*Your task:* From the records below, please repeat exactly the line that has "冬日陽光下,水流沿著覆蓋地膜", the line that has "Копченая куриная грудка, колбаски", and every line between them, and nothing else.

*Input data:*
——————

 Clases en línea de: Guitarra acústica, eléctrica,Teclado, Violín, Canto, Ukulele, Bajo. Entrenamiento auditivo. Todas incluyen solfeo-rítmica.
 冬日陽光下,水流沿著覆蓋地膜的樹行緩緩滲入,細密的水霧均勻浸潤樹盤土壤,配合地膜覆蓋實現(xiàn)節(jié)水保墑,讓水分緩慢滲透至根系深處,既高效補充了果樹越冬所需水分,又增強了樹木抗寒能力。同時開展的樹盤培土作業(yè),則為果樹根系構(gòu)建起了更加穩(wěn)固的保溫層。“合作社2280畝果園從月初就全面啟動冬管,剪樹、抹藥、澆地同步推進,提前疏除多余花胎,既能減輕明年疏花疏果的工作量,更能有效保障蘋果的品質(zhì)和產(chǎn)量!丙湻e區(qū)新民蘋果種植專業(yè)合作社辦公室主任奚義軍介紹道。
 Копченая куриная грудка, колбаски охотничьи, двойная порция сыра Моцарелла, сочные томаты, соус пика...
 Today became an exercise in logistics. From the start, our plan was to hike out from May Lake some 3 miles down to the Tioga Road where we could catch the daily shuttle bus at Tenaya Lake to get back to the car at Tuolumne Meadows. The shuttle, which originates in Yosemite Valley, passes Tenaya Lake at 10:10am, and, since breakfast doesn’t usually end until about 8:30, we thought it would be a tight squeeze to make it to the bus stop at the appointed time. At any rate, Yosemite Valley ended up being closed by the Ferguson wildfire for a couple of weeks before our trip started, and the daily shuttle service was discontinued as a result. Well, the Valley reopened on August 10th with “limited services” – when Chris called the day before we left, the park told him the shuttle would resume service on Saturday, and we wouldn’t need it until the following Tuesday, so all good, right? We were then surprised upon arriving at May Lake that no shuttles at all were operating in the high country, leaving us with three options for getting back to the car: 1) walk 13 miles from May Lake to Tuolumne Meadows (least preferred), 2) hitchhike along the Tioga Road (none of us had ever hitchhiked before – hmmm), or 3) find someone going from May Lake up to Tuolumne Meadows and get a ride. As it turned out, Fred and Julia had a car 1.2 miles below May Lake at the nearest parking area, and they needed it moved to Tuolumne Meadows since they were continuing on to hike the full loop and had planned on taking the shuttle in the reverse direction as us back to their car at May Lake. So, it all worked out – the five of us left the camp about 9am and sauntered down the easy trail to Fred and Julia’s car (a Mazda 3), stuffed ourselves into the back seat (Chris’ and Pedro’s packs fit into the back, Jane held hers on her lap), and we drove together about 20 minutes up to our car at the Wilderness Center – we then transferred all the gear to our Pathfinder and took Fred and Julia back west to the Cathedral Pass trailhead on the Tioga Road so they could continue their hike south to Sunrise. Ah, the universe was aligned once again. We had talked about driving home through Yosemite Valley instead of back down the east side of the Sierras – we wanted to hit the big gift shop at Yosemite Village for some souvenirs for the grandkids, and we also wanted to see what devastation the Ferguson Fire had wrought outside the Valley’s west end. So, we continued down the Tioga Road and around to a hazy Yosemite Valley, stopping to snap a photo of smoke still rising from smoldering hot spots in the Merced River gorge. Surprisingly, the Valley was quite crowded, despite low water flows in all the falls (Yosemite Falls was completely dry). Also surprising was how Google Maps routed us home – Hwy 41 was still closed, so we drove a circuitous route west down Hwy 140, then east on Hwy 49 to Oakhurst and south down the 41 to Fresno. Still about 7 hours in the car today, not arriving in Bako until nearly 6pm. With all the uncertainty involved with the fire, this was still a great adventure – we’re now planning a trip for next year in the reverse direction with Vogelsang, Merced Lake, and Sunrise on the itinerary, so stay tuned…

——————

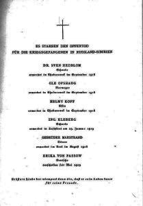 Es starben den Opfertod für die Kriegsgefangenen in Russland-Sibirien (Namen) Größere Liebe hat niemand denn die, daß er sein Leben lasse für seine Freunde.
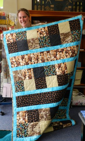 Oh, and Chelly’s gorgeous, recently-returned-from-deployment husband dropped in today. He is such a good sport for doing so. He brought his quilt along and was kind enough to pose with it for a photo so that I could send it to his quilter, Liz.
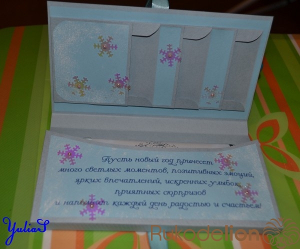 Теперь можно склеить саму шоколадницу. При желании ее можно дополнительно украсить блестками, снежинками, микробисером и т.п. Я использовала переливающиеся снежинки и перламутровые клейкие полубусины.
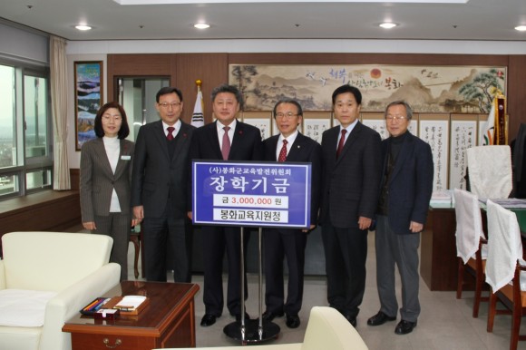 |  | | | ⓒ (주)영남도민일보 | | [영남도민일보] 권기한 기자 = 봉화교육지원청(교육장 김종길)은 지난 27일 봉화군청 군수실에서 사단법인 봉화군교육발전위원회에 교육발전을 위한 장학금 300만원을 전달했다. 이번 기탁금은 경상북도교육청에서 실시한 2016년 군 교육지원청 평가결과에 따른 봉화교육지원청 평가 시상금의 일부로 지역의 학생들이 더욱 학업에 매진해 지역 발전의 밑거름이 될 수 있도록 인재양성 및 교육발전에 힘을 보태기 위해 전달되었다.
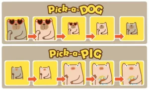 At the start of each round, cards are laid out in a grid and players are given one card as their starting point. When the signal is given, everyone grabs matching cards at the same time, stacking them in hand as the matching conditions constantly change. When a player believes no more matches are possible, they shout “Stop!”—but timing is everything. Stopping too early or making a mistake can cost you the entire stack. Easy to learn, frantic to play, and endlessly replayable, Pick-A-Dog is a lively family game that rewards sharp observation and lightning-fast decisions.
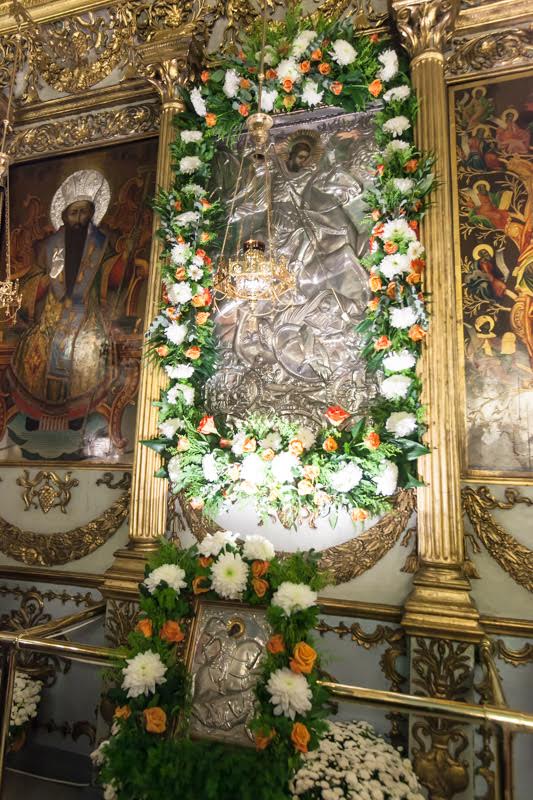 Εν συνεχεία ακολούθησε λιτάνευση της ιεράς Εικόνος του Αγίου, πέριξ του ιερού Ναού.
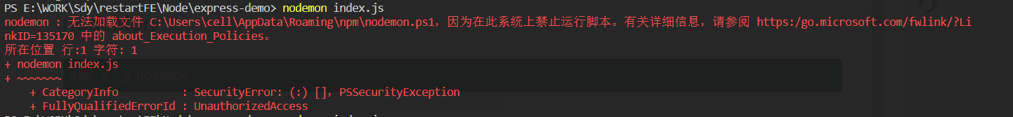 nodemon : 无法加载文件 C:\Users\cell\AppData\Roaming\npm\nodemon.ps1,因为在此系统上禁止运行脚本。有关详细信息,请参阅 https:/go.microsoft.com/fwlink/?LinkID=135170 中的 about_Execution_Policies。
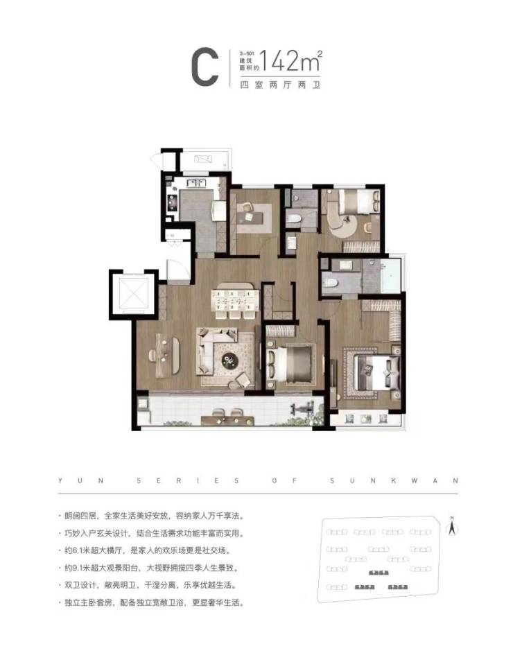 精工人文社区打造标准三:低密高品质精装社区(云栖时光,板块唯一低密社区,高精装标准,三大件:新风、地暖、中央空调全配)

——————

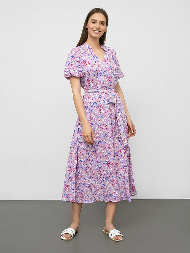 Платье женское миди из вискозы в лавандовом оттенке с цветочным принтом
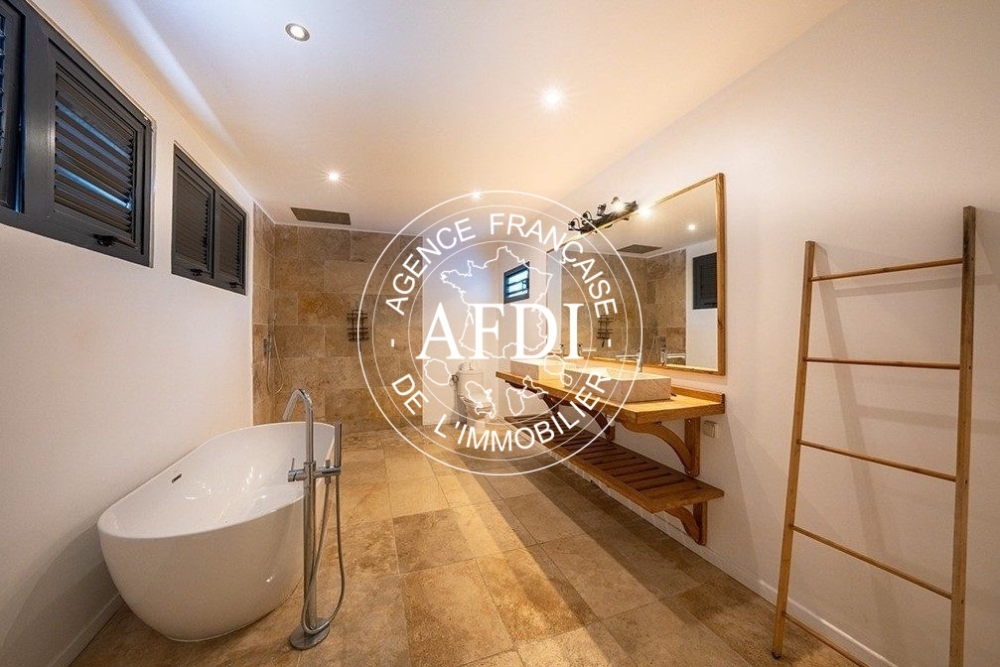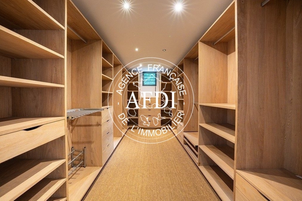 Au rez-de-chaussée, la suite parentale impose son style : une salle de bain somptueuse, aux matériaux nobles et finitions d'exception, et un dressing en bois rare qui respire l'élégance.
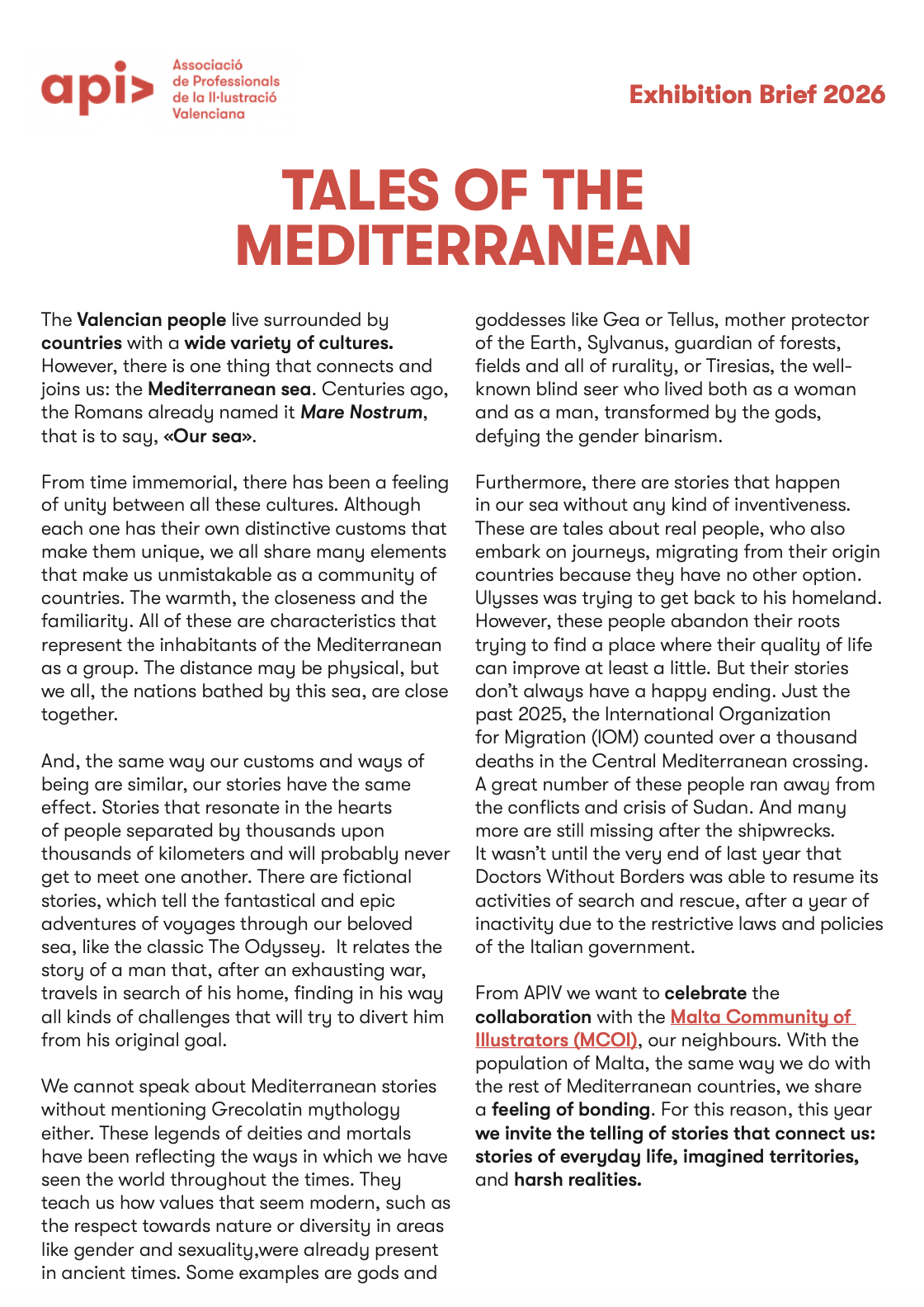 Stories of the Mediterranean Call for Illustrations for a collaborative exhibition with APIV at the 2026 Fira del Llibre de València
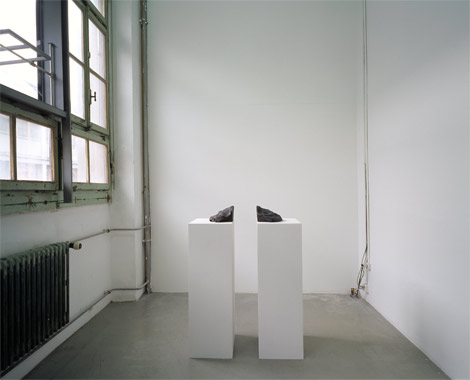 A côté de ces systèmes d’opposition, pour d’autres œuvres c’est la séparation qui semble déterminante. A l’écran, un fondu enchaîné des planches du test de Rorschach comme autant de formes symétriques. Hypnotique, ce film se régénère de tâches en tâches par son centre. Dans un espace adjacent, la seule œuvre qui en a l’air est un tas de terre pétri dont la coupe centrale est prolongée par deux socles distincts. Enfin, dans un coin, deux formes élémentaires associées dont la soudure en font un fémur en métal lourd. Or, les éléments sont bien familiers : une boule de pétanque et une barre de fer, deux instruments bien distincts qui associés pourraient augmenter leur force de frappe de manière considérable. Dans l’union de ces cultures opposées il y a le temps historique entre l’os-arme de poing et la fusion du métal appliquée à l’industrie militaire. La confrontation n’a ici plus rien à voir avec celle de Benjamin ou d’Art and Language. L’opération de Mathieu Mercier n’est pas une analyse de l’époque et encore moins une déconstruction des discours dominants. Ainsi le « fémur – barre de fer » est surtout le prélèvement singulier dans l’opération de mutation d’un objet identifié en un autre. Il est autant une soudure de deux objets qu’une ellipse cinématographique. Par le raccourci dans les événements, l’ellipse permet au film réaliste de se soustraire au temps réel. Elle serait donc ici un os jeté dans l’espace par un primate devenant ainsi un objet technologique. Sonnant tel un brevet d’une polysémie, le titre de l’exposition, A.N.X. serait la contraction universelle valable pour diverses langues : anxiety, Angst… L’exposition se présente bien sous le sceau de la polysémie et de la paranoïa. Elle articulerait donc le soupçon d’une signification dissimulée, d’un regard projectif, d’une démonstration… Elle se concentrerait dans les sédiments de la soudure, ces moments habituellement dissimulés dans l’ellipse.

——————

*Response below:*
 冬日陽光下,水流沿著覆蓋地膜的樹行緩緩滲入,細密的水霧均勻浸潤樹盤土壤,配合地膜覆蓋實現(xiàn)節(jié)水保墑,讓水分緩慢滲透至根系深處,既高效補充了果樹越冬所需水分,又增強了樹木抗寒能力。同時開展的樹盤培土作業(yè),則為果樹根系構(gòu)建起了更加穩(wěn)固的保溫層。“合作社2280畝果園從月初就全面啟動冬管,剪樹、抹藥、澆地同步推進,提前疏除多余花胎,既能減輕明年疏花疏果的工作量,更能有效保障蘋果的品質(zhì)和產(chǎn)量!丙湻e區(qū)新民蘋果種植專業(yè)合作社辦公室主任奚義軍介紹道。
 Копченая куриная грудка, колбаски охотничьи, двойная порция сыра Моцарелла, сочные томаты, соус пика...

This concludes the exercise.